Лизу было ему не жаль, стукачку, внучку старой развратницы. Витька казался теперь героем, и вообще какой же он человек современный и интереснейший!.. И Леха решительно поддержал его, когда тот накинулся на этого пня, на Фрола косматого:
Когда богатырь уснул, друзья тихо связали его, и Витька приник к оголенному гигантскому члену суеверно и трепетно. Фрол проснулся не сразу: чмокал в такт Витькиным действиям так, что Лешка, замерев, положил хер свой на толстые, влажные, колючие от отросших усов губы Фрола. Ах, и словно он в надувном круге на волнах запокачивался!.. Стало легко, радостно, щекотно; стало так хорошо!..
Не страшно и умирать…
Человек-муравейник пошевелился, томимый воспоминанием. Усердный режиссер выстроил на экране бывшее, пережитое им наяву: самозабвенье двоих над третьим и сладкий, свободный сон этого третьего, и душно вонючую темень хлева, и…
*
— Шайссе швулен! Варме брюдер!3 — свет фонариков ослепил, внезапный грохот раскрывшейся двери оглоушил.
Витька замер (умер?) с хером Фрола во рту. Фрол тер жестоко глаза и рожу, трещал щетиной, не понимая, чьи это с него спрыгнули шарики. Вроде не мышки и не пищат…
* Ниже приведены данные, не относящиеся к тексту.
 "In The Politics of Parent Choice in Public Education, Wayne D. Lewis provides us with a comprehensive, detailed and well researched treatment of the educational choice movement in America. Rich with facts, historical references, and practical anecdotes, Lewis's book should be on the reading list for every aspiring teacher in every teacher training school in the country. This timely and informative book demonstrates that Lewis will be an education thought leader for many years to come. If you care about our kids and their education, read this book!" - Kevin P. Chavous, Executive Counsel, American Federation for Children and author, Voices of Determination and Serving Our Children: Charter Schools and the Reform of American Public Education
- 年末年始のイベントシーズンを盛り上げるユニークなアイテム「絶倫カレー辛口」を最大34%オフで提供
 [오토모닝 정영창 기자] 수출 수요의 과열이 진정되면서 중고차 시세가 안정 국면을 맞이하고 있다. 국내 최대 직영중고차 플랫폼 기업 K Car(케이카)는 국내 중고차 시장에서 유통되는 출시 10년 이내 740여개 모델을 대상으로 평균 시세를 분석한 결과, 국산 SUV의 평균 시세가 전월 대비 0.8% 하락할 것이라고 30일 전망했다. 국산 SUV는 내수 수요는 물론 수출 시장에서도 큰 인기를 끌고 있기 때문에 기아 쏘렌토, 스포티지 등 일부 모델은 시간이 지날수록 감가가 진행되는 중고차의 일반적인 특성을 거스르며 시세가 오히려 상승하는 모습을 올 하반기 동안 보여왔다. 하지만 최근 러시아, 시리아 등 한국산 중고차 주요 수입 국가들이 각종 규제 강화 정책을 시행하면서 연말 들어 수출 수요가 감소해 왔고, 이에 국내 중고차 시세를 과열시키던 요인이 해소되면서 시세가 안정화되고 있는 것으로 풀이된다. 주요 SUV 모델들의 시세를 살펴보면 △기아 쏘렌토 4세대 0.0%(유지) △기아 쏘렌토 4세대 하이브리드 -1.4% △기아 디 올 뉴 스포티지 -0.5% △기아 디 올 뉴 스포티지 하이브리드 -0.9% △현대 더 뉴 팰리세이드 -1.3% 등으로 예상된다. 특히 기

— Ви есть животни! — проскрежетал голос Фрица Лямбе торжественно. Вилли Букс брезгливо молчал. — Фройляйн! Зеен зи дизе швулен ан! Зо ист дас фольк, ди херде дер швайнен, мит дерен вир криг фюрен!4
И наши увидели там, в проеме двери, на фоне затлевшего неба, три силуэта.
Первым догадался, что это женщины, Фрол: он охнул. Яркие кружки света от двух фонариков бродили по пленникам, упираясь все больше туда, где глаза, и туда, где низ
Третий световой кружок прицельно ослепил Вострецова.
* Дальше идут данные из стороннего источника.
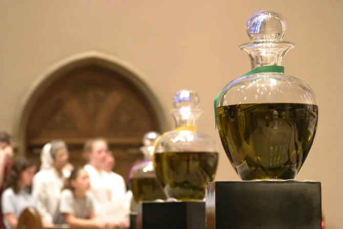 In his Friday email to priests, Rozanski noted that the diocesan Chrism Mass would be postponed, and told priests that "Should you run out of either the Oil of the Sick or Oil of the Catechumen, you may bless these oils to replenish your stock."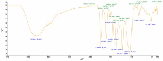 FTIR spectrum of aqueous extract from A. quanzensis bark; %T: Transmittance (%); cm−1: Wavenumber (cm−1).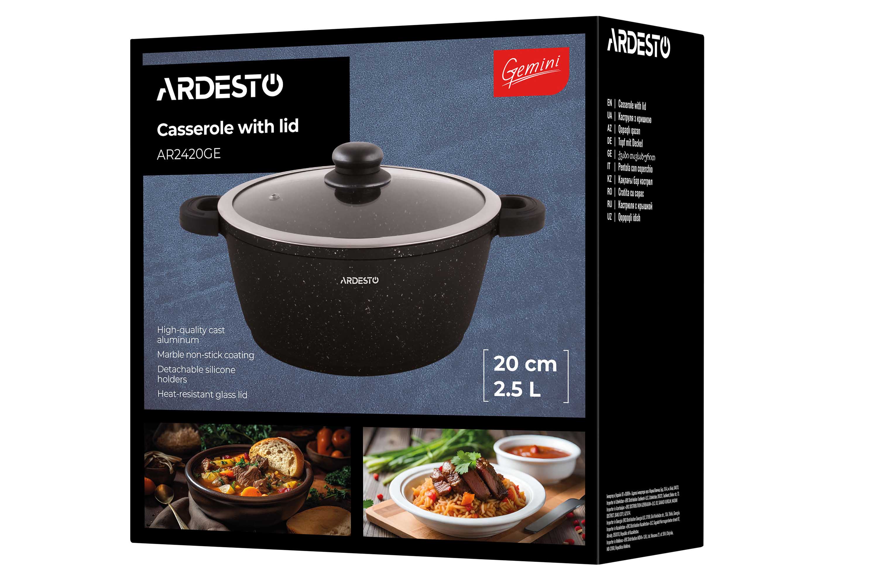Кастрюля ARDESTO Gemini Anzio изготовлена из литого алюминия. Ее объем составляет 2,5 л, а диаметр – 20 см. Стенки толщиной 1,7 мм, тогда как толщина дна составляет 4,3 мм – залог равномерного нагревания. Благодаря противопригарному мраморному покрытию процесс приготовления будет гораздо проще.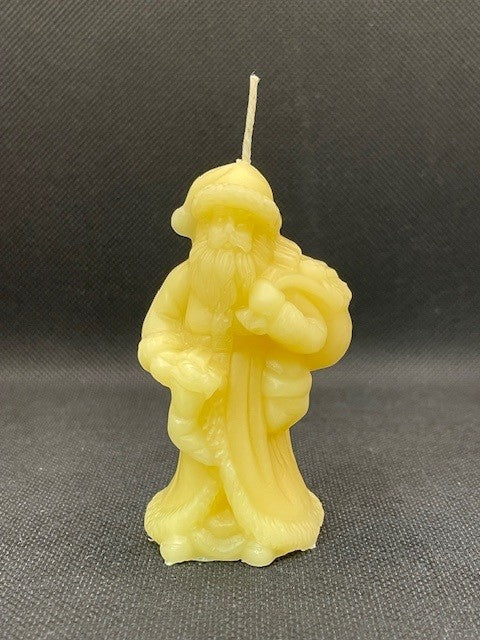 Pure Beeswax Candle Santa Claus - minimum 36g - Standing 8cm in height. Clean burning with a beautiful white light.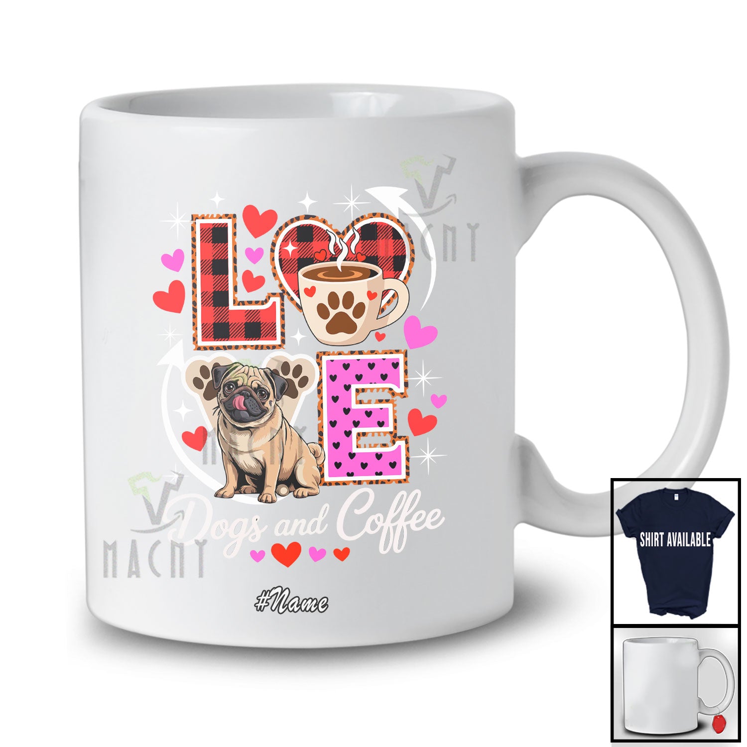 new MacnyStore - Personalized Custom Name LOVE Dog And Coffee; Lovely Valentine's Day Plaid Heart Pug T-Shirt – Macnystore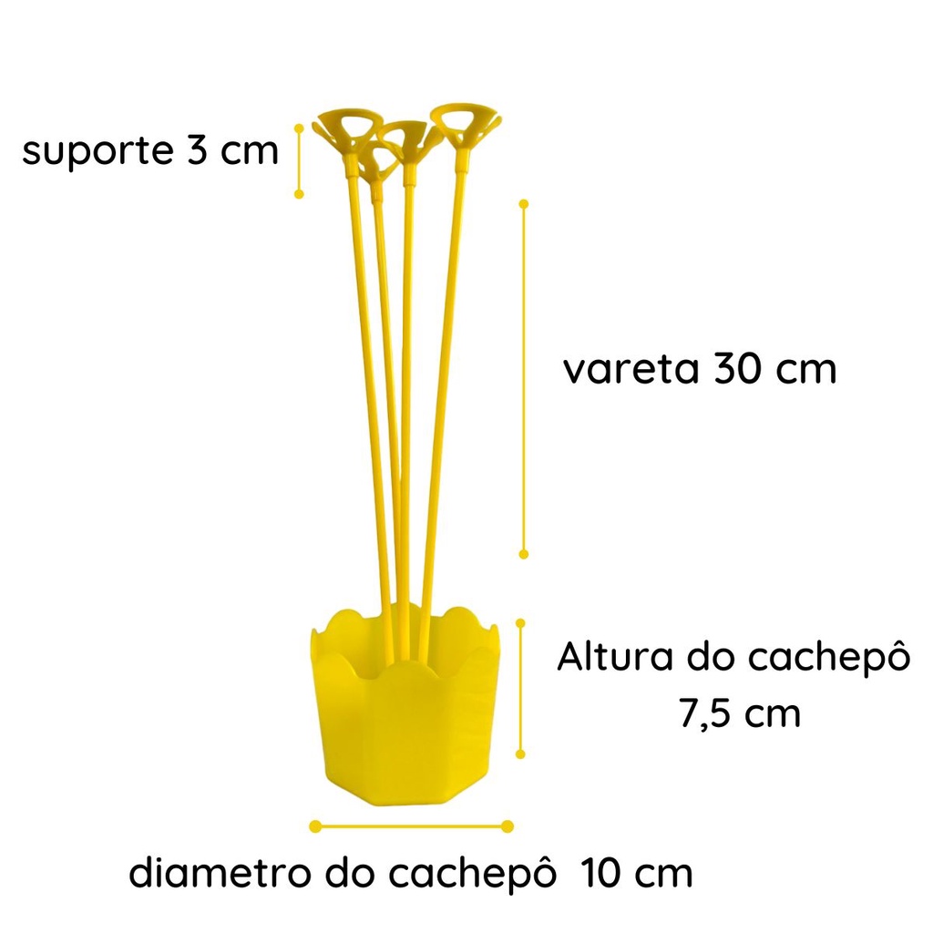 kit com 5 unidades de cachepot centro de mesa. cada cachepot acomponha 4 varetas + 4 suportes .As varetas podem ser cortadas para ajustar a altura dos balões. Medidas da hastes + suporte = 33 cmNão acompanha balões.cachepot Altura do cachepô 7,5 cmLargura do cachepô 10 cm Material: Plástico Vareta Suporta balões de 5 a 9 polegadas tamanho balão comum .O kit é fornecido desmontado. Centro de mesa Ideal para lembrancinha de festa, podendo ser usado como porta doces, porta pipoca, arranjo de flores.

Он слышал, как, смеясь, вошли женщины, как весело они говорили с Лямбе и с Буксом, я-я, хи-хи… Шпарили по-немецки. Леха вспомнил: идейные нацистки идут в солдатские бардаки из патриотических типа чувств.
По голосам понял: телок три штуки. Одна пискливая, у другой ничего вроде голос, а третья басом, как мужик, бухает.
Не успели парни и глазом моргнуть, Лямбе с Буксом стреножили Витьку и тут же за Лешку взялись.
В мозгу мелькнуло: отрежут яйца!.. Похолодел — да легко отделались. Может, вам и обидно покажется, но из песни, как говорится…
Короче, помочились немецкие телочки на лица спеленутых наших бойцов, под пристальным взглядом фонариков. Фрол фыркал злобно, сопел, Леха башкой крутил, оберегая глаза от позора едучего и горячего.
Интересней всех Витька себя повел. Как только нависли над ним помятые бежевые губищи и брызгануло из них раздвоенною струей, Витька приподнялся и губами в эти вот самые губы — впечатался. Девка заверещала, а Витек водил и водил по ссущим губам своими, всасывал клитор, пытался пролезть между ног башкой, чтобы и задницу навестить…
Немцы и немки заглоготали, как гуси, удивленно, но бойко и радостно.
Девушка кончила моросить, а Витька все шорхал и шорхал языком по ее самым нежным пушистым окрестностям. И дева дрожала и как-то радостно, испуганно взвизгивала.
— «Значит, не пидар он! А то все ж таки стремачок…» — с облегченьем вздохнул Алешка.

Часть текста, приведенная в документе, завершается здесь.